Добрынин к тому времени уже доел борщ и чувствовал, что еще хочет.
Подошел, протянул в окошко свою миску и тут же получил ее заполненную до краев.
Медведев ел медленно. Он еще и первую миску не доел, когда народный контролер за вторую принялся.
— Вкусно? — спросил Медведев у Добрынина.
— А разве нет? — довольно произнес народный контролер.
— Да я-то знаю, что вкусно. Я просто думаю, что там на Высоте Ж. сейчас едят? У них-то теперь Сагаллаев куховарит…
Добрынин с некоторым сочувствием покачал головой.
— Вот ведь как много в жизни людей от повара зависит, — сказал Медведев. — Я просто думаю: почему мне полковник Ефимов уже третий раз звонит, спрашивает, как там Ковинька, а когда я начинаю рассказывать, что он нам здесь готовит, то полковник трубку бросает. Не хочешь слушать, так не звони. Я так думаю…
— Может, они дружили с поваром? — предположил Добрынин.
— Ну, Пал Алексаныч, каждый офицер со своим поваром дружит, это дело очевидное.
— Ну а вы с Сагаллаевым дружили?
— Нет, — признался капитан, выбирая со дна миски гущу борща. — Как-то не выходило. Нелюдимый он был какой-то. Обычно повара народ разговорчивый, людей любят, а этот… может потому, что татарин?
— Может, — полусогласился Добрынин. Медведев поскреб ложкой в почти пустой уже миске. Потом поднялся, подошел к окошку, спросил про добавку.
Повар высунулся, подергал рукой правый ус и с сожалением объяснил, что остаток сам доел.
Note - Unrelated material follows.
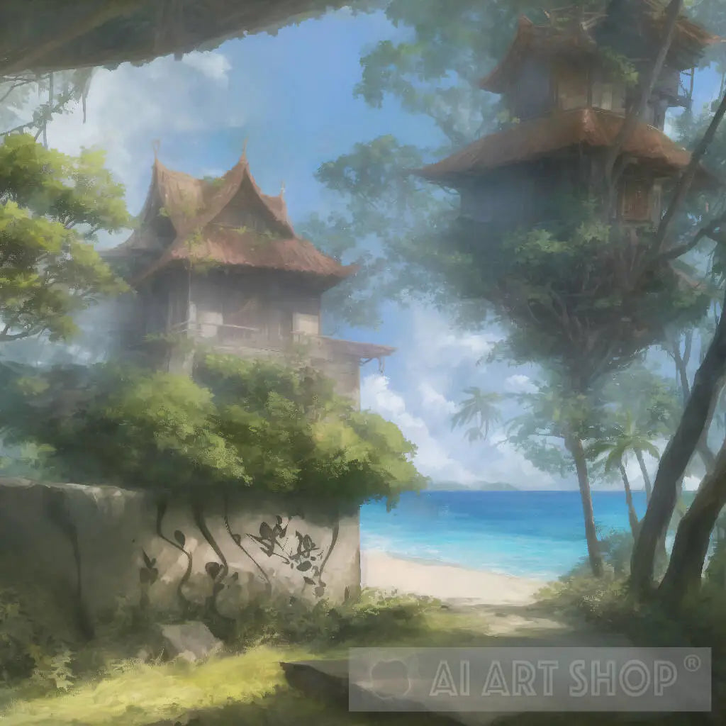 Subject : A Treehouse village, on the beach side, with graffiti,

— Я ведь про добавку спрашивал, ну, думаю, раз никто больше не хочет, вот и съел… — сказал он.
Медведев не обиделся. Вернулся за столик и принялся за второе, за свиные котлеты с картошкой.
За соседним столиком, сгрудившись впятером, обедали глухонемые. А дальше, в углу столовой, одиноко сидели Вершинин и Канюкович, каждый за отдельным столом.
— Я тут как-то подумал, — снова заговорил Медведев, — что нас так мало, и в общем-то разные мы, — он оглянулся на обедавших, — но одно дело делаем. Приятная мысль, надо признаться. Очень приятная. Нам ведь уже недолго осталось, — и, перейдя на шепот, Медведев, наклонившись к уху Добрынина сообщил: — Наши уже постоянно на Польшу падают, а несколько раз даже до границы с социалистической Германией долетели.
Ознакомительная версия.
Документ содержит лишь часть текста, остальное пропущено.